The answer should hold only the lines from the beginning of the material through the one with "戻り蜂をとりながら薬剤を木の中に吹き付け、", reproduced exactly and without pictures.

===== Excerpted records

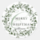 Sticker Rond Vert & blanc Fleur sauvage moderne Wreath Noël
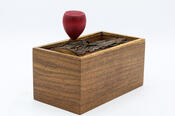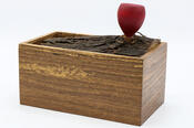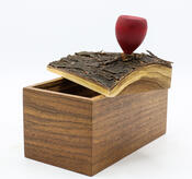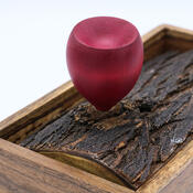He used a handsome chunk of live edge mesquite for the lid, and turned a handle in the shape of a purple prickly pear cactus bud.
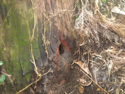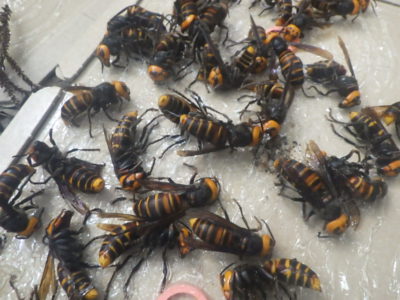 戻り蜂をとりながら薬剤を木の中に吹き付け、
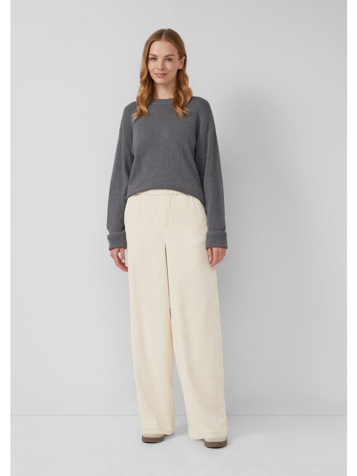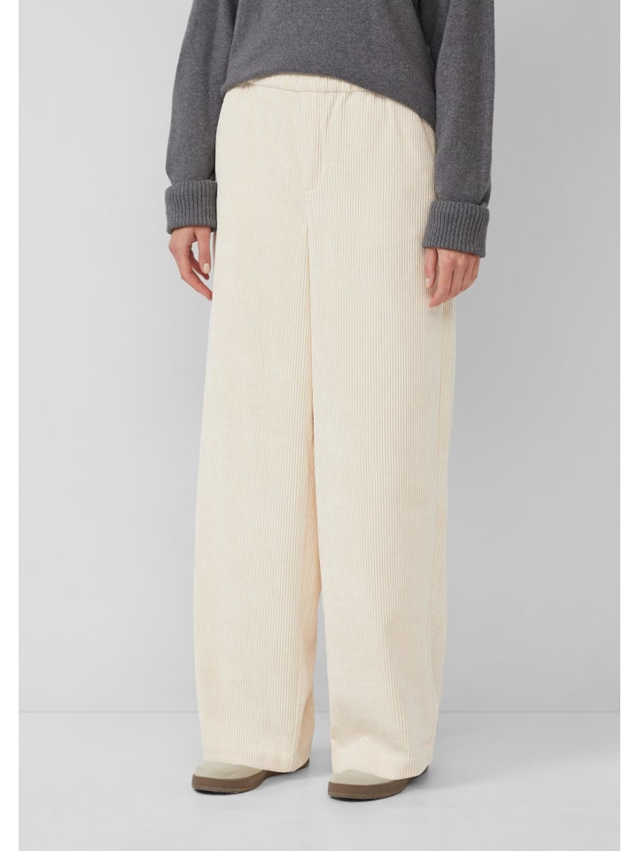 Эти повседневные вельветовые брюки свободного кроя сочетают в себе комфорт и стиль. Высокая талия на резинке и широкие штанины из плотного вельвета создают непринужденный образ. Практичные боковые карманы дополняют брюки из смесовой хлопковой ткани.
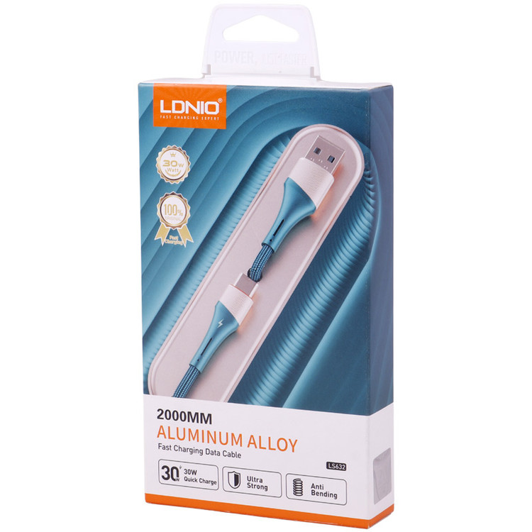 کابل یو اس بی به لایتنینگ LDNIO LS632 بسیار با کیفیت بوده و دارای قابلیت شارژ سریع(30w) می باشند.همچنین جنس این کابل با روکش پلاستیک بوده و در مقابل پارگی و خم شدگی مقاوم است.
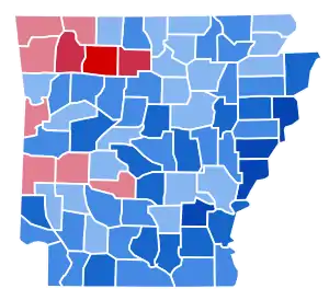 | Arkansas | 1,491 | 58.59% | 1,046 | 41.10% | 8 | 0.31% | 445 | 17.49% | 2,545 |
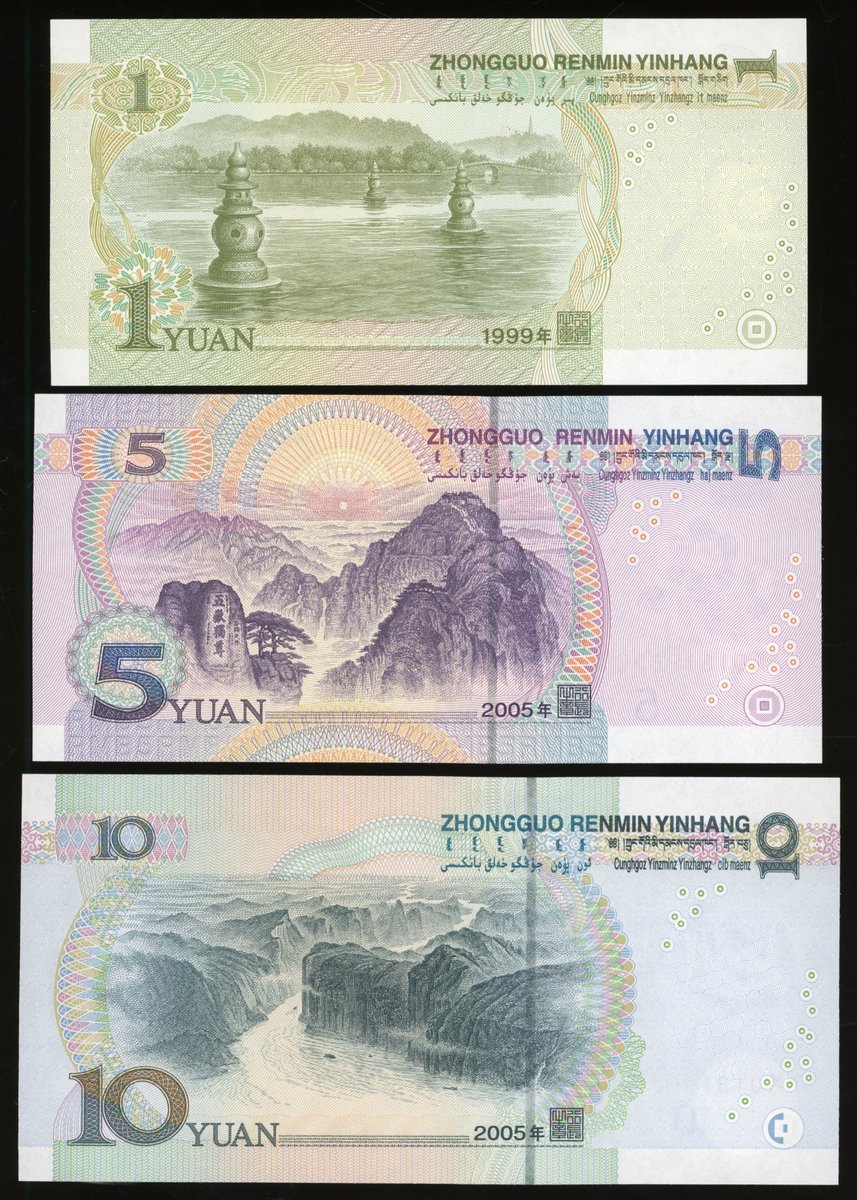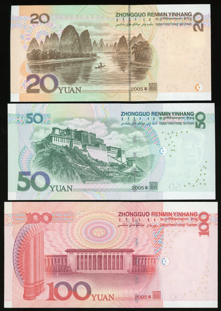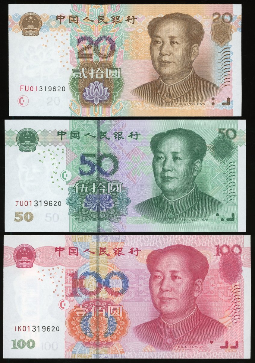 People's Bank of China, 5th Series Renminbi, 2005, matching serial number 1319620 set, including, 1, 5, 10, 20, 50 and 100 yuan, uncirculated (6)
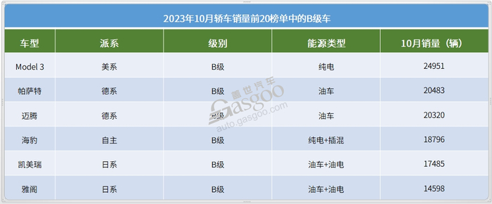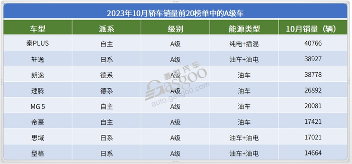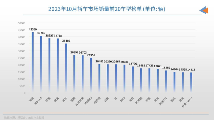 2023年10月轿车销量TOP20:8款新能源车上榜,比亚迪占据5席

==========

Solved problem:
 Sticker Rond Vert & blanc Fleur sauvage moderne Wreath Noël
He used a handsome chunk of live edge mesquite for the lid, and turned a handle in the shape of a purple prickly pear cactus bud.
 戻り蜂をとりながら薬剤を木の中に吹き付け、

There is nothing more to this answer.